Resources for Grief
At a grief event we recently co-sponsored, a participant asked for “resources about my kind of grief.” As a young widow raising teenagers, she was having trouble finding books and bereavement therapy sources that spoke specifically to the challenges she was facing. Resources for the bereaved are so ubiquitous, it is frequently exhausting to wade through the stacks of books and lists of therapies available. And many of us in need of those resources find that, amidst the copious offerings, none seem to address our particular needs.
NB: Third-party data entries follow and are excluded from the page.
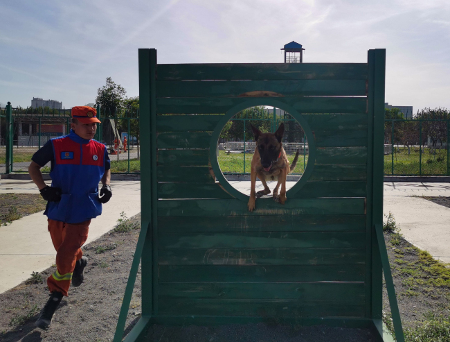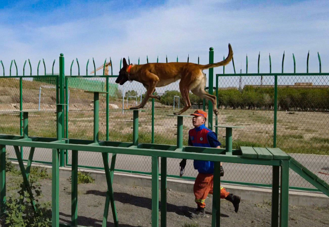 攀登障碍是强化搜救犬在不同地形和环境执行任务的能力。“luck!去!”在搜救犬障碍训练场上,训导员尕藏索南将右手高高举起。搜救犬“luck”以迅雷不及掩耳之势冲上障碍板,穿越狭小的圆圈架,在高空梅花桩上快速移动,飞驰在独木桥上,一跃而过2.5米断桥,面对高低起伏各不相同的多组障碍设施,训导员和搜救犬配合默契,一气呵成。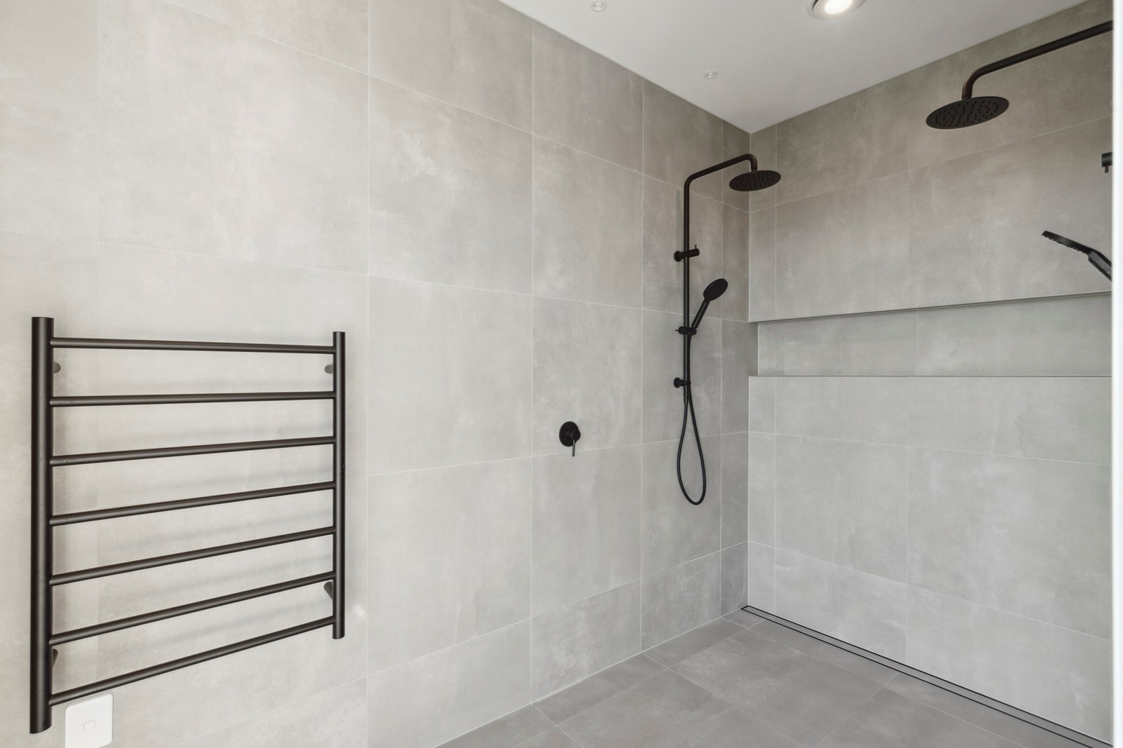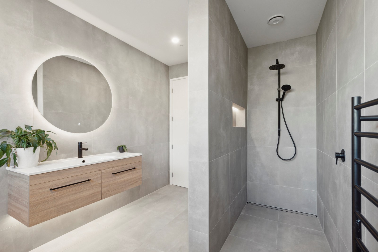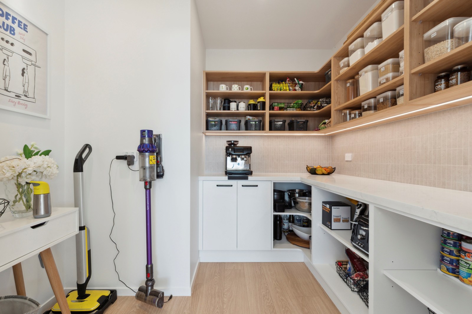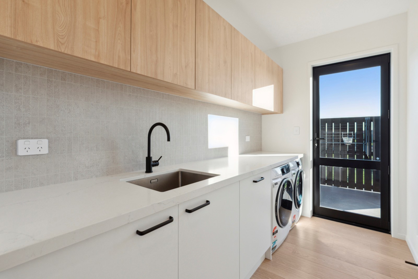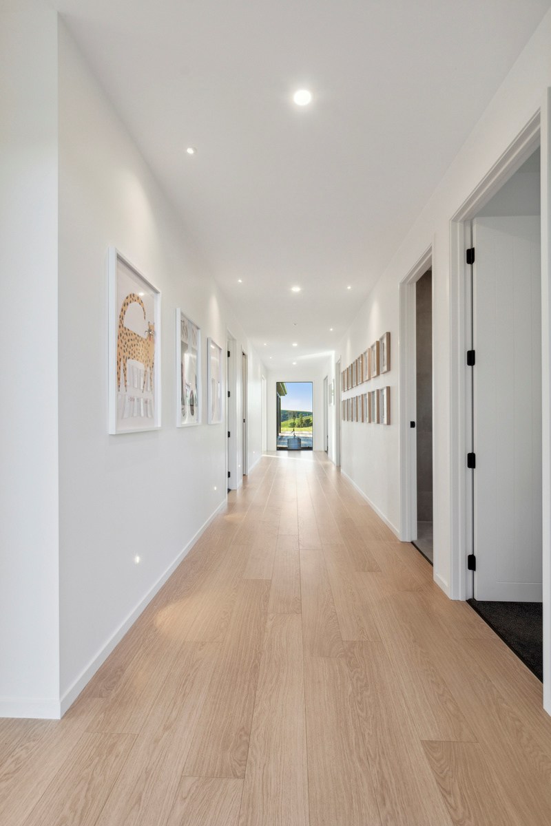 Timber cabinetry and tiled splashbacks add warmth and practicality, echoed in the adjacent laundry and bathrooms. A moody powder room contrasts beautifully with the otherwise light palette. Sliding doors open onto a covered alfresco area, offering a seamless transition between house and landscape. Outdoors, thoughtful landscaping includes a children’s play area and wide timber decking that allows room to relax and roam. With its warm material palette, practical layout and crisp execution, this home demonstrates how rural builds can feel both grounded and refined — made for modern living but rooted in place.
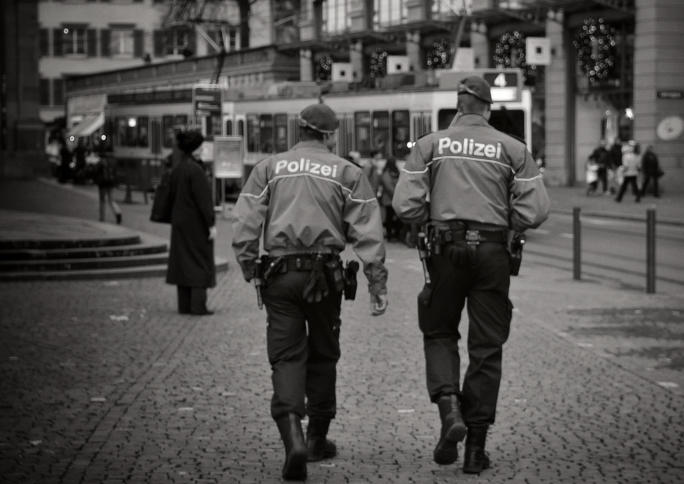 Zwei Polizisten auf Streife in der Zürcher Innenstadt. : Schweiz: Predictive Policing liegt meist falsch Eine Fehlerquote von zwei Dritteln: Die soll eine in der Schweiz eingesetzte Vorhersagesoftware liefern. Trotzdem nutzt sie die Polizei, um Personen als Gefährder zu klassifizieren.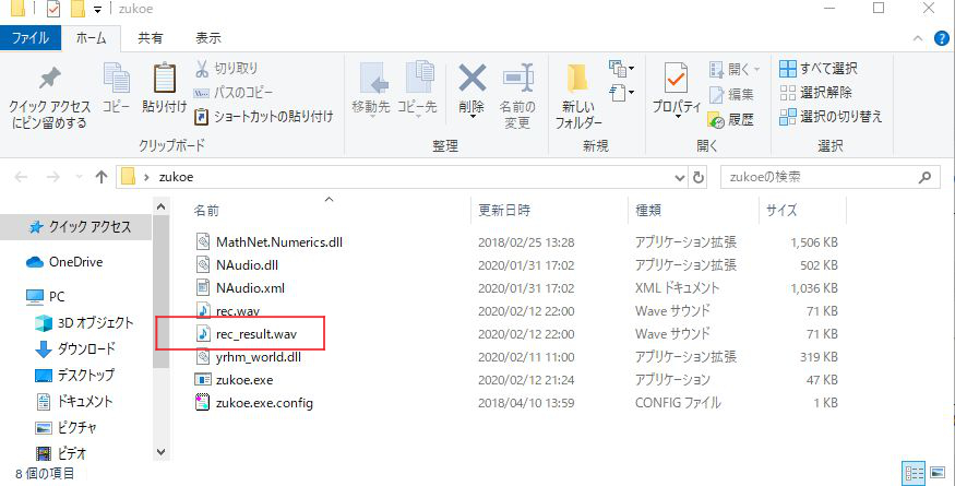 ファイル名は、読込んだファイル名(録音した場合は「rec」) + 「result.wav」となります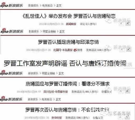 和邱泽分手,被邱泽爆出唐嫣先出轨,但是罗晋否认了插足糖糖邱泽之间的感情,然后又在多次公众场合否认和唐嫣在一起。但是几年来,两人至少合作了四部剧:从《乱世佳人》到《X女特工》,从《克拉恋人》到今年的《锦绣未央》。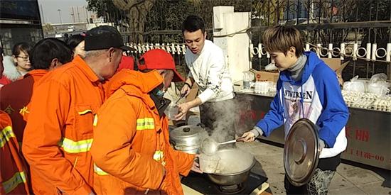 另一邊,在鄭州市花園路廣電南路交叉口,主持人劉雯和韓佳帶著十幾名義工早早的在路邊就開始忙活了。他們要給附近50多名環(huán)衛(wèi)工人煮餃子。平時,環(huán)衛(wèi)工們的午飯都很簡單,甚至都是隨便對付的,這次,主持人和義工們特意選在離工人們中午休息比較近的地方,搭起了臨時的灶臺,給工人們做上一頓熱騰騰的餃子。由于條件簡陋,臨時灶臺上的火十分不穩(wěn)定,劉雯和韓佳脫下厚重的外套,擼起袖子親自生火,費(fèi)了好大勁終于把餃子下鍋了。吃上熱騰騰的餃子,環(huán)衛(wèi)工人們特別開心。一位老大爺由衷的感嘆道:“好久沒吃過這么暖心的午飯了,謝謝你們?!?/p>

For decades, most books on grief and loss each outlined one specific method for approaching mourning, detailing stages and suggesting tools to manage them. They presented grief as a uniform set of experiences and guided readers in the ways they “should” approach those experiences. Many grief circles functioned in a similar manner, with counselors presenting tips and tricks that ignored the unique nature of each individual grief.
Thankfully, all this is changing. In contemporary grief support, materials are now being addressed to specific losses, based on the relationship between the bereaved and the deceased (for example, parent and child or spouse and beloved) and sometimes on the nature of the death (by suicide or by long-term illness, for instance). In many cases, we find some level of comfort through connecting with others whose loss looks a bit like ours.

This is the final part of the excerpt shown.